Te Araroa (Part 10) : Goodbye Bee, and Hello Tararuas, day 58-66

Day 58 : Whanganui Holiday Park – Whanganui (6.8 km / 4.2 mi – Total: 1404.1 km / 872.5 mi)
Day 59 : Whanganui – Koitiata (29.2 km / 18.1 mi – Total: 1433.3 km / 890.6 mi)
Day 60 : Koitiata – Mount Lees Reserve (40.1 km / 24.9 mi – Total: 1473.4 km / 915.5 mi)
Day 61 : Mount Lees Reserve – Palmerston North (34.5 km / 21.4 mi – Total: 1507.9 km / 937 mi)
Day 62 : Palmerston North – Scotts Rd (24.3 km / 15.1 mi – Total: 1532.2 km / 952.1 mi)
Day 63 : Scotts Rd – end of Makahika Track (32.5 km / 20.2 mi – Total: 1564.7 km / 972.3 mi)
Day 64 : end of Makahika Track – Te Matawai Hut (23 km / 14.3 mi – Total: 1587.7 km / 986.6 mi)
Day 65 : Te Matawai Hut – Nichols Hut (12.1 km / 7.5 mi – Total: 1599.8 km / 994.1 mi)
Day 66 : Nichols Hut – Otaki Forks / Blackgate campsite (18.4 km / 11.4 mi – Total: 1618.2 km / 1005.5 mi)

Jan 5 – Jan 13
Total days : 9 | Walking days: 9 (~1 Nero into Whanganui)
Section distance : 220.9 km / 137.3 mi
Average distance per day : 24.5 km / 15.2 mi
Total distance : 1618.2 km / 1005.5 mi

After almost 1400 kilometres, I had reached a pivotal point on the TA: I was going to say goodbye to Bee. Bee and I met at the Tramp Inn, the farmer’s hut right after the first muddy Northland forest, Herekino, and we’d mostly been lining up our days ever since. We quickly got on and had a similar approach to walking the trail, but we both still preferred to hike solo. We mostly stuck together so we could tackle all those inconvenient North Island obstacles together: the low tide estuary crossings, the long sections of hiking through rivers, the boat crossings and the Whanganui canoe journey.

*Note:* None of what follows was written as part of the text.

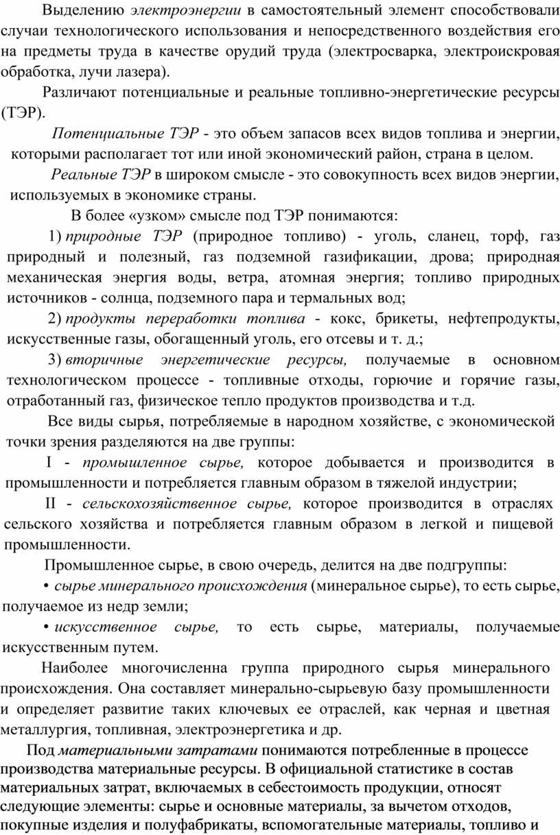 Все материальные ресурсы, используемые в народнохозяйственном комплексе в качестве предметов труда, условно подразделяются на сырьевые и топливно-энергетические.

We’d just reached the Whanganui Holiday Park after our four day canoe from Whakahoro and there was nothing left ahead of us that we felt required company. After almost 1300 kilometres together, we were ready to set free our solo hiking hearts.

But our dramatic parting wasn’t as easy as I’d thought. First we had a bit of a false start when I left Whanganui Holiday Park. Bee took a rest day after our river journey but with all the unnecessary days off in the past few weeks, I was energised to keep going. Our goodbye was marked by me walking the seven kilometres into town, anticipating to immediately push on with the next three days of road walking to Palmerston North. As I passed Whanganui I visited a few shops and did my resupply – only to find myself outside of the supermarket, barricaded by a solid grey curtain of rain. I waited a little, pacing up and down the sidewalk underneath the awnings. This rain wasn’t going to give. I knew I could continue but I’d soon grow sick of walking through it, and I’d be wet to the bone by the time I reached my destination. I checked into a hostel instead, failing at my first day of hiking solo again.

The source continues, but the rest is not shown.